Was tun, wenn das weltweite Leben außer Kontrolle gerät? Wie entscheiden, wenn wir heute nicht wissen, welche Auswirkungen unsere Entscheidungen morgen haben werden?
Wir Menschen haben in den letzten Jahrhunderten und Jahrtausenden viele mutige Entscheidungen getroffen. Wir haben unser Wissen enorm erweitert, haben Quantensprünge in Technik, Medizin und Wissenschaft gemacht.
Wir haben gelernt, auf den Mond zu fliegen, künstliche Intelligenz zu erschaffen und …
Und doch wird uns gerade in den letzten Wochen bewusst, wie wenig wir wissen. Wie hilflos wir sind. Ohne Kontrolle.
Es gibt kein Drehbuch für eine Pandemie, keine Anleitung, keine Entscheidungshilfe. Wir entscheiden ohne Netz und doppelten Boden. Und kennen das Ende nicht.
Kontrolle eine Illusion
Wer beruflich und privat das Gefühl hat, alles im Griff zu haben, fühlt sich gut.
Das ist schön, tut der Seele gut – doch leider ist es allzu oft eine Illusion.
Seit wir uns vor knapp sechs Jahren selbständig gemacht haben, hatten wir selten etwas im Griff. Die Auftragslage kann sich von Woche zu Woche ändern, Klienten sagen oft sehr kurzfristig Termine ab, Unternehmer entscheiden sich für einen anderen Berater.
Wir mussten lernen, mit diesen Unsicherheiten umzugehen, Absagen nicht persönlich zu nehmen, Enttäuschungen zuzulassen und dann wieder nach vorne zu schauen.
Corona hat auch vor unserer Arbeit nicht Halt gemacht. Von gut gefüllten Auftragsmonaten ist nichts mehr übrig geblieben.
Nach der ersten Schockstarre fühlten wir uns zunächst wie in einem Lift stecken geblieben. Hektisches Drücken auf alle möglichen Knöpfe nützte nichts. Der Lift, unsere Arbeit, fuhr einfach nicht mehr weiter. Keine Kontrolle.
Was tun, wenn ich nichts tun kann?
Während wir ohnmächtig zuschauen, wie unsere Arbeit einbricht, beobachten wir, wie digitale Angebote wie Pilze aus dem Boden schießen?
Sollen wir uns entscheiden, ebenfalls auf diesen Zug aufzuspringen?

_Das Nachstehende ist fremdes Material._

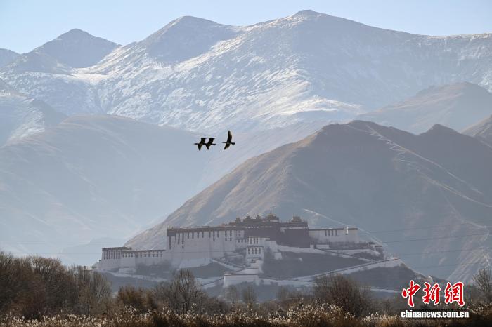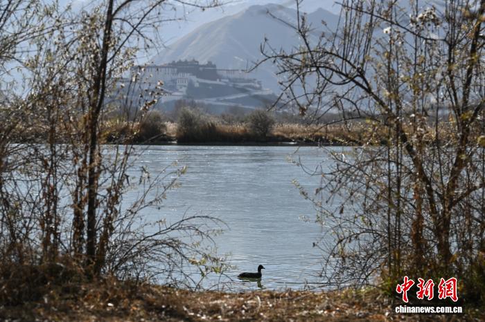 2025年12月9日,世界海拔最高的城市内陆天然湿地——拉萨拉鲁湿地国家级自然保护区尽显冬日盛景。这片总面积12.2平方公里的“拉萨之肺”,初冬时节芦苇泛金,赤麻鸭、斑头雁等候鸟在此嬉戏觅食。远处布达拉宫巍然矗立,周边雪山皑皑,自然生态与人文景观交相辉映,构成一幅兼具壮阔与灵动的高原画卷,彰显着拉萨人与自然和谐共生的生态之美。图为拉萨市民在拉鲁湿地晨练。中新社记者 贡嘎来松 摄

Wir entscheiden uns gegen Hektik und nehmen uns bewusst eine Auszeit. Wenn weniger Termine anstehen, haben wir mehr Zeit.

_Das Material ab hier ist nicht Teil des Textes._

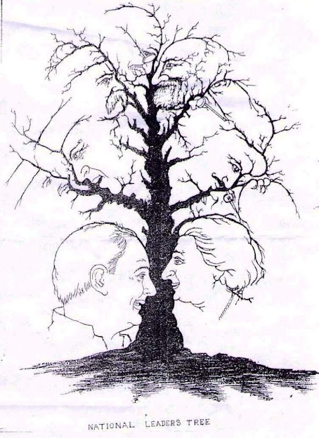 Some suggest that the National Leaders Tree was drawn in the 1880s by an anonymous illustrator for Harper's. If that is true, the above guesses are wrong, as many Indian leaders were not born then.

Zeit für die Familie (inzwischen ist auch unsere Tochter aus Neuseeland nach Hause gekommen), Zeit zum ausgiebigen Kochen, Zeit für Hobbies.
Wenn mein Kontrolle Radius immer kleiner wird
Ich kann nichts gegen eine Pandemie tun. Aber ich kann entscheiden, ob ich gesund esse, mich täglich bewege und mir ausreichend Schlaf gönne.
Ich habe es nicht in der Hand, wann und ob ein geeigneter Impfstoff gefunden wird. Aber ich kann zu Hause bleiben und mich draußen an die Abstandsregeln halten.
Entscheidungen beginnen im Kopf, deshalb …
- Entscheiden wir uns täglich gegen Angst und für Hoffnung.
- Denken wir quer und suchen nach Wegen, um unseren Kunden trotz äußerlichem Abstand innere Nähe zu zeigen.
- Ermutigen wir uns und unsere Mitmenschen, in der Krise nach vorne zu denken.
- Entscheiden wir uns für digitale Angebote, um Ihnen unser Fachwissen auch weiterhin zur Verfügung zu stellen.